Уже объявили отбой, но Нурум сидел на деревянной койке и сосредоточенно разбирал затвор винтовки.

— И с паршивой овцой надо уметь обходиться. На кой черт я буду тягать эту штучку, если не знаю каждую ее пружинку?! — ответил Нурум, щупая пальцем какой-то винтик.

— Ты говорил, что от скуки вступил в дружину, тебе и на самом деле, видать, скучно, — укоризненно покачал головой Жолмукан. — Лишь пустой человек может сам лезть в петлю.

— Чего ты все меня пилишь? Я же говорил тебе: лучше самому встать под курук, чем ждатть, пока насильно наденут на тебя узду. К чему без конца толковать об этом?

— Теперь не страшны ни курук, ни узда, когда сама петля затягивается на шее. Не веришь? Спроси у того рыжего, длинного парня. Сегодня к нему приехал родственник и такую весть привез, что лучше тебе не спрашивать, а мне не говорить.

— Что за весть, небо, что ли, на землю обрушилось?

— Хуже. Сама земля вот-вот на небо взлетит. Собственной пылинки не найдешь.

Нурум удивленно взглянул на Жолмукана. «Шутит, или в самом деле что-то произошло?» Жолмукан загадочно продолжал:

— Пора, пожалуй, припомнить мудрость предков казахов: пока еще в уме и здоров, найди свой край родной….

— Чего ты петляешь, мямлишь? Не можешь без загадок?

— Подойди-ка сюда, — шепнул Жолмукан. Нурум подсел к нему. — Тут многие уже весь день по углам шепчутся насчет прихода сюда мужиков из России…

— Что, красные пришли?

— Уральск окружили, говорят. Да пусть берут, мне-то какое дело? Только вот нас хотят погнать против них… под пули.

Нурум побледнел.

— Не врешь?

— Ни прибавить, ни убавить. Какой мне толк трепаться! Красные, говорят, ураганом налетели. Чтоб остановить их, выставляют нас всех: и русских, и казахов. Мы будем подсобной военной частью. Вот так-то, дружище…

II

Иногда и один человек может взбудоражить толпу.

Однажды утром подняли по тревоге всю Джамбейтинскую дружину. Новобранцы так и не успели привыкнуть к строгому порядку, и сейчас ханское войско, как и вначале, больше походило на разношерстную, крикливую толпу.

— Сотня! По правому флангу! — крикнул зычно Жола-манов.

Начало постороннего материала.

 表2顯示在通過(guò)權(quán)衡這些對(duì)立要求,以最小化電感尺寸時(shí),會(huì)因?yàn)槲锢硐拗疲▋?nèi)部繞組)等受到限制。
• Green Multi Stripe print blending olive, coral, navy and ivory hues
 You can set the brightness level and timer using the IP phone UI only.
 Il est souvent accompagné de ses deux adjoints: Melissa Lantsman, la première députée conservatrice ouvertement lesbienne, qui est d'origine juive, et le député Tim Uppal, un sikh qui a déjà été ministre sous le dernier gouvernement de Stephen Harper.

Все засуетились, затолкались, чей-то конь непослушно пятился назад, чей-то неудержимо вырывался вперед, а солдат на пегой кобыленке никак не мог поджать под ноги развевавшиеся полы шинели.

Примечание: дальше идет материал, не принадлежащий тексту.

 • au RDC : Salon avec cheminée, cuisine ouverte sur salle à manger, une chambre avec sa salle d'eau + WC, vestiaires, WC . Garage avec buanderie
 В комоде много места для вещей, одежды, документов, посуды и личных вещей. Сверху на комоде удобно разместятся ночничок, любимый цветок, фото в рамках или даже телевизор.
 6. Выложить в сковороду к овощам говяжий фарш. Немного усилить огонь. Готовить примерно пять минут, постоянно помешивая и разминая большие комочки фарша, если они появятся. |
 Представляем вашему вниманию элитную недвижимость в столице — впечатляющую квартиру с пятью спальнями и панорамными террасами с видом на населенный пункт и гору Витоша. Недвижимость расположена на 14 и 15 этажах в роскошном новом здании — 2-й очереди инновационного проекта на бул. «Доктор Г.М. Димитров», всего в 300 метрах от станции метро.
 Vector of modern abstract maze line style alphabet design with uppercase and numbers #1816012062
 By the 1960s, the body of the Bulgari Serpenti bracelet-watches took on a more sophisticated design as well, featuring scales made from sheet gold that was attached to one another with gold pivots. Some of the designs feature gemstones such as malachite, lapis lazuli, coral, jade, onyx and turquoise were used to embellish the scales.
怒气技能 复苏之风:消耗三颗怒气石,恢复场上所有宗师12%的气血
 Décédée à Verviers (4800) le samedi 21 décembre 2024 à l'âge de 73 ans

Сотник злился, ругался, спешил установить «железную дисциплину» до прихода высокого начальства.

— Онбасы Жунусов, приведи к порядку вон того, на пегой кобыленке, — взревел сотник.

— Он не мой, он Жолмукана! — ответил Нурум, выстраивая свою десятку,

— Я же тебе его отдал, он твой! — прокричал Жолмукан, сдвинув на затылок свой нелепый шлем. — Мои джигиты все в сборе.

— Ну если все, так этот дополнительный.

— Прекратить разговоры, Жунусов! — оборвал сотник.

— Есаул-ага, не я затеял этот разговор. Джигит на пегой кобыленке из десятки Жолмукана, — еще раз повторил Нурум.

— Жолмукан, посчитай свою десятку!

— В моей десятке — девять человек. Все на месте.

— Молчать! Что за десятка из девяти человек?! Безобразие!

— Растяпа, который не может справиться с конем, мне не нужен. Мне и девяти хватит, — отрезал Жолмукан.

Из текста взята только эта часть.